A description of the material terms and conditions of these agreements can be found in the Prospectus dated July 15, 2015 and filed with the SEC on that date. The descriptions of the Transition Services Agreement, Tax Matters Agreement, Employee Matters Agreement and Trademark License Agreement are qualified in their entirety by reference to the full text of the Transition Services Agreement, Tax Matters Agreement, Employee Matters Agreement and Trademark License Agreement, which are attached as Exhibits 10.1, 10.2, 10.3 and 10.4, respectively, to the Current Report on Form 8-K dated August 2, 2015 and filed with the SEC on August 3, 2015. The description of the Separation and Distribution Agreement is qualified in its entirety by reference to the full text of the Separation and Distribution Agreement, which is attached as Exhibit 2.1 to the Quarterly Report on Form 10-Q dated August 1, 2015 and filed with the SEC on September 10, 2015.
Summary of Transactions with Barnes & Noble
During the 13 weeks ended October 31, 2015 (i.e. second quarter of fiscal 2016), we were billed $9,663 for purchases of inventory and direct costs incurred under the agreements discussed above which are included as cost of sales and occupancy and selling, general and administrative expense in the condensed consolidated statement of income.
During the 26 weeks ended November 1, 2014 (i.e. first and second quarter of fiscal 2015) and the 13 weeks ended August 1, 2015 (i.e. first quarter of fiscal 2016), we were allocated $24,238 and $13,321, respectively, of general corporate expenses incurred by Barnes & Noble and purchases of inventory which are included as cost of sales and occupancy and selling, general and administrative expense in the condensed consolidated statement of income.
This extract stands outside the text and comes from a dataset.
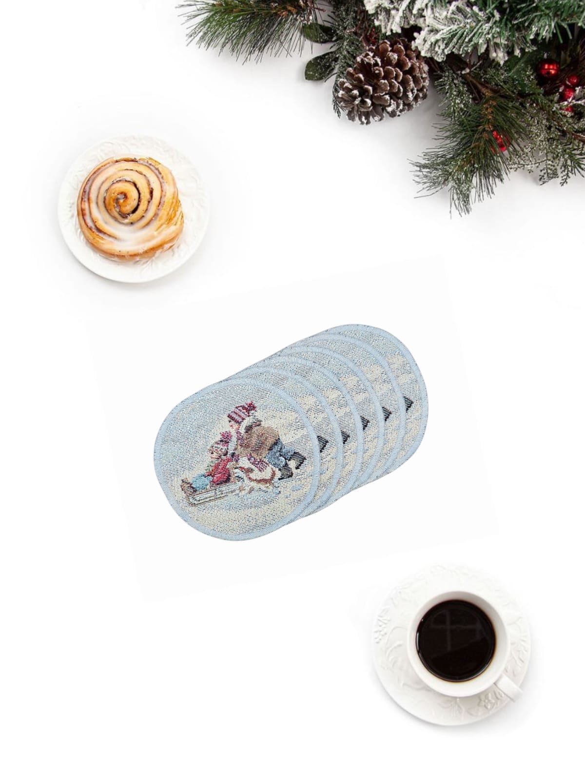 • Новогодние товары для дома / Испанская новогодняя коллекция / Новогодние каникулы New из гобелена - Новогодние каникулы Комплект салфеток 6шт д11 см БТ серебро 2520192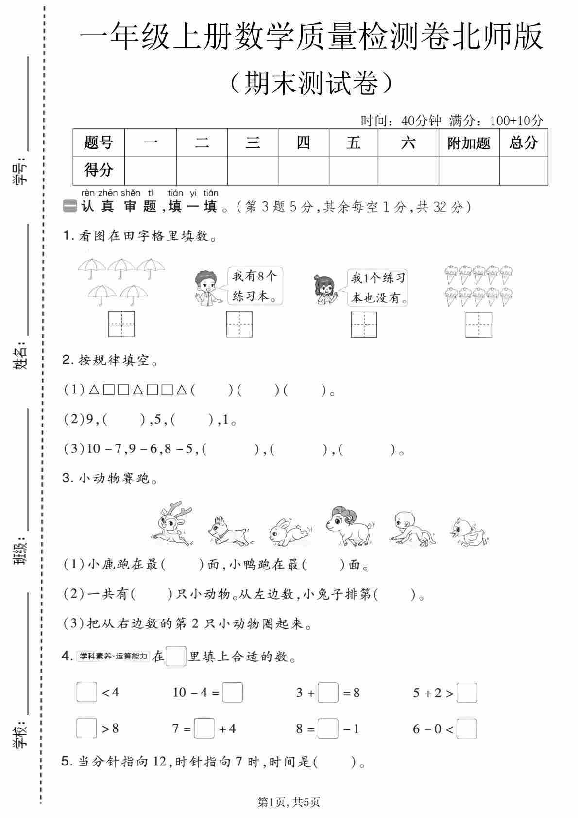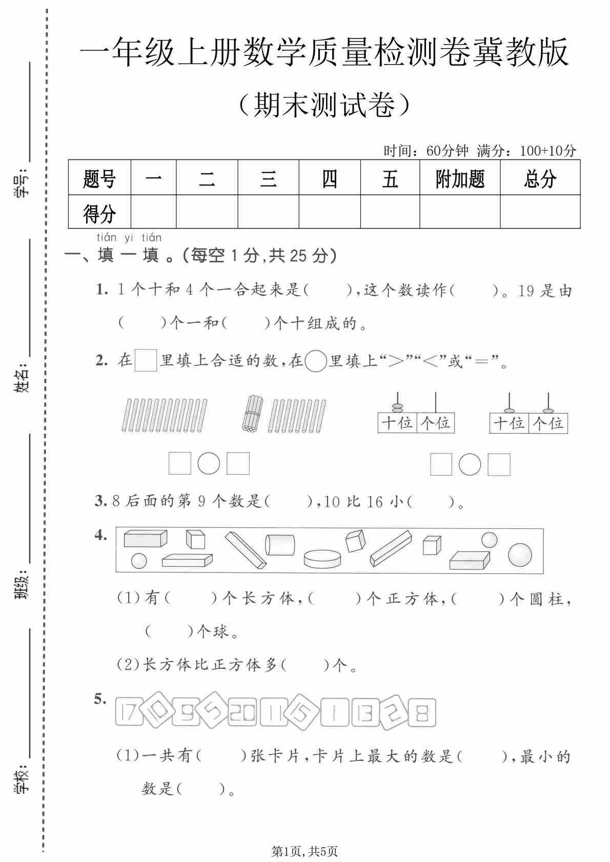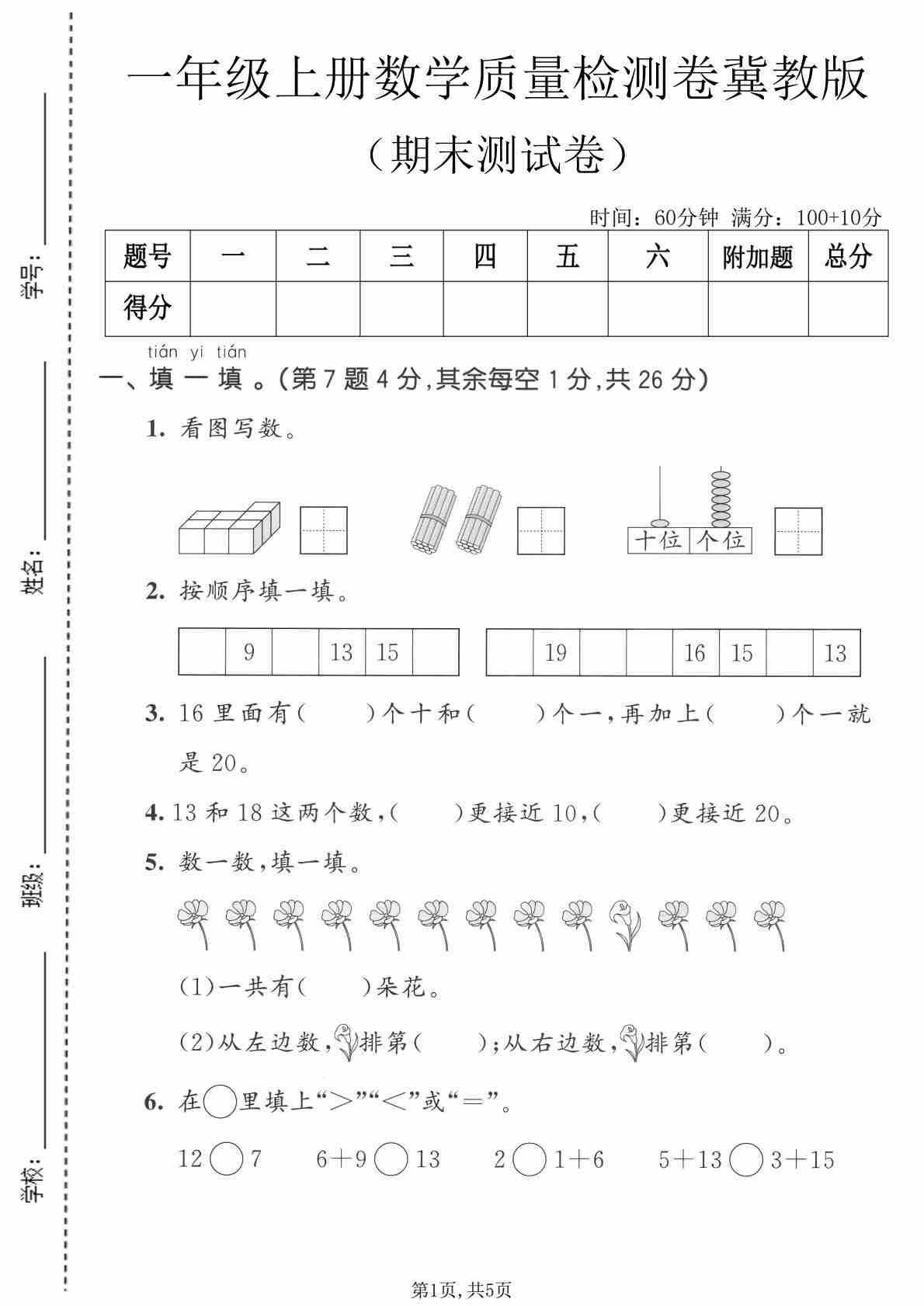 一年级(上)数学 期末质量检测卷1《冀教版》

For information related to allocated stock-based compensation expense, see Note 11. Stock-Based Compensation.
As of October 31, 2015, amounts due to Barnes & Noble, Inc. for book purchases and direct costs incurred under the agreements discussed above was $10,453 and is included in accounts payable and accrued expenses in the condensed consolidated balance sheet. As of November 1, 2014, amounts due from Barnes & Noble, Inc. related to intercompany loans, net of corporate allocations, income taxes, and purchases of inventory was $49,367 and is included in Parent Company Investment in the condensed consolidated balance sheet.